We have many options to multiply a chain of matrices because matrix multiplication is associative.
In other words, no matter how we parenthesize the product, the result will be the same.
For example, if we had four matrices A, B, C, and D, we would have:
(ABC)D = (AB)(CD) = A(BCD) = ....
However, the order in which we parenthesize the product affects the number of simple arithmetic
operations needed to compute the product, or the efficiency. For example, suppose A is a 10 × 30 matrix,
B is a 30 × 5 matrix, and C is a 5 × 60 matrix. Then,
(AB)C = (10×30×5) + (10×5×60) = 1500 + 3000 = 4500 operations
A(BC) = (30×5×60) + (10×30×60) = 9000 + 18000 = 27000 operations.
Clearly the first parenthesization requires less number of operations.
Input:
int [] M = {2, 3, 6, 4, 5};
There are 4 matrices of dimensions (2, 3) (3, 6) (6, 4) and (4, 5)
Formula is:
T[i][j] = Min (
T[i][k] + T[k][j] + (M[i] * M[k] * M[j]);
);
| 0 | 1 | 2 | 3 | |
|---|---|---|---|---|
| 0 | 0 | 36 | 84 | 124 |
| 1 | 0 | 72 | 132 | |
| 2 | 0 | 120 | ||
| 3 | 0 |
public int matrixMulChainCost(int [] M) {
int len = M.length;
/* m[i,j] = Minimum number of scalar multiplications needed
to compute the matrix A[i]A[i+1]...A[j] = A[i..j] where
dimension of A[i] is p[i-1] x p[i] */
int [][] T = new int[len][len];
int value = 0;
for (int n=2; n<len; n++) {
for (int i=0; i<len-n; i++) {
int j = i + n;
T[i][j] = Integer.MAX_VALUE;
for (int k=i+1; k<j; k++) {
value = T[i][k] + T[k][j] + (M[i] * M[k] * M[j]);
if (value < T[i][j]) {
T[i][j] = value;
}
}
}
}
return T[0][len-1];
}
Time Complexity: O(n^3)
Space Complexity: O(n^2)
Given two strings A & B, find longest common subsequence between them.
Examples:
LCS for input Sequences “ABCDGH” and “AEDFHR” is “ADH” of length 3.
LCS for input Sequences “AGGTAB” and “GXTXAYB” is “GTAB” of length 4.

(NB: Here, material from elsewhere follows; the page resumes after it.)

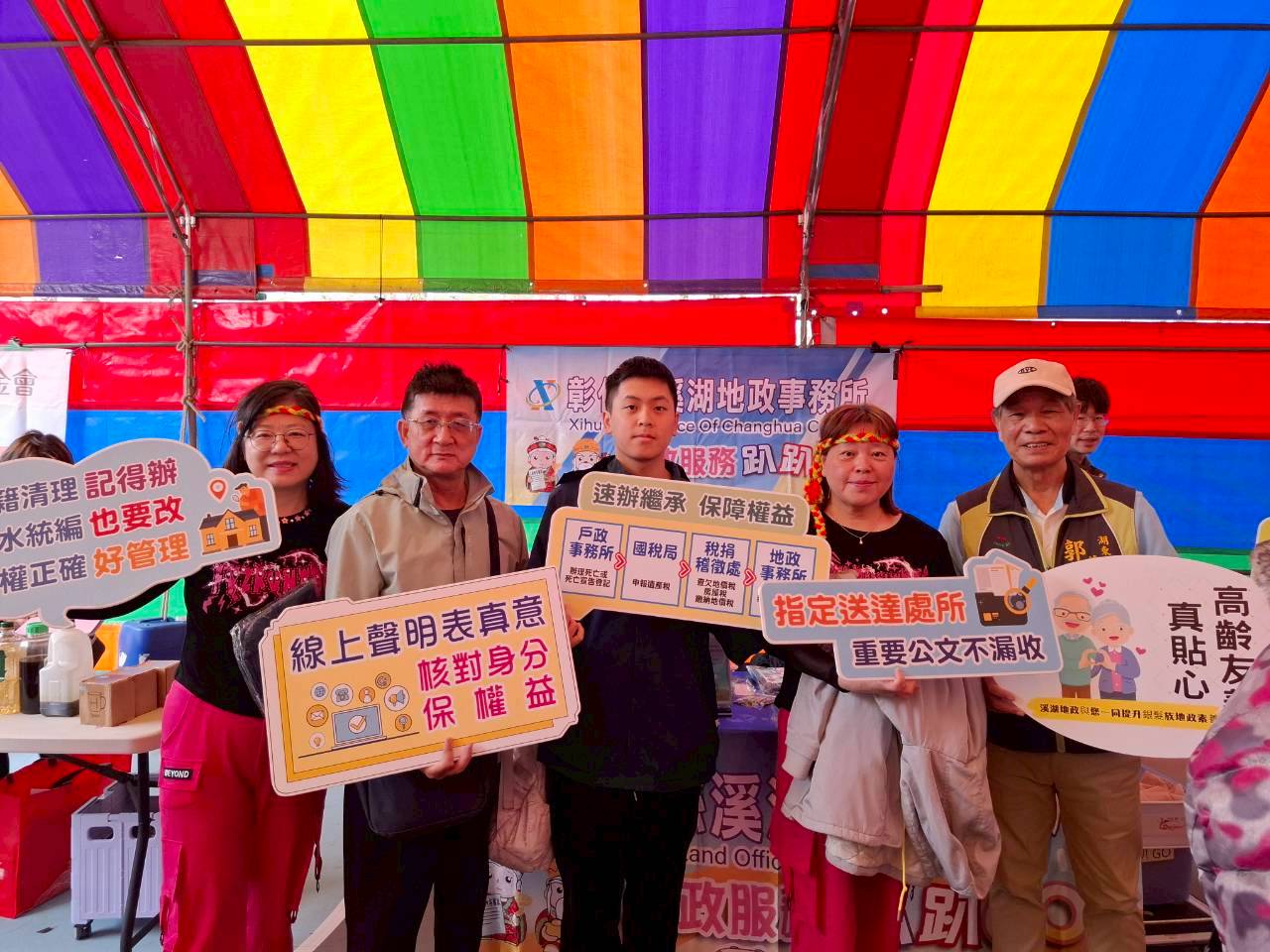 彰化縣溪湖地政事務所為了讓地政服務更貼近民眾,於2月1日(週日)上午,特別將服務櫃台搬到戶外,在溪湖鎮湖東運動公園舉辦「地政服務趴趴GO」活動,吸引了許多鄉親熱情參與。活動現場除了提供地政法令諮詢,更主打防詐騙宣導,讓民眾大讚「實用又貼心」。

| 0 | A | G | G | T | A | B | |
|---|---|---|---|---|---|---|---|
| 0 | 0 | 0 | 0 | 0 | 0 | 0 | 0 |
| G | 0 | 0 | 1 | 1 | 1 | 1 | 1 |
| X | 0 | 0 | 1 | 1 | 1 | 1 | 1 |
| T | 0 | 0 | 1 | 1 | 2 | 2 | 2 |
| X | 0 | 0 | 1 | 1 | 2 | 2 | 2 |
| A | 0 | 1 | 1 | 1 | 2 | 3 | 3 |
| Y | 0 | 1 | 1 | 1 | 2 | 3 | 3 |
| B | 0 | 1 | 1 | 1 | 2 | 3 | 4 |
Formula:
if (S1[i] == S2[j]) {
T[i][j] = T[i-1][j-1] + 1;
} else {
T[i][j] = Max (T[i-1][j], T[i][j-1]);
}
Time Complexity: O(n*m)
Space Complexity:O(n*m)
Given a bag with weight W and a list of items having a certain weight and value, how would you fill the bag so that you have maximum value?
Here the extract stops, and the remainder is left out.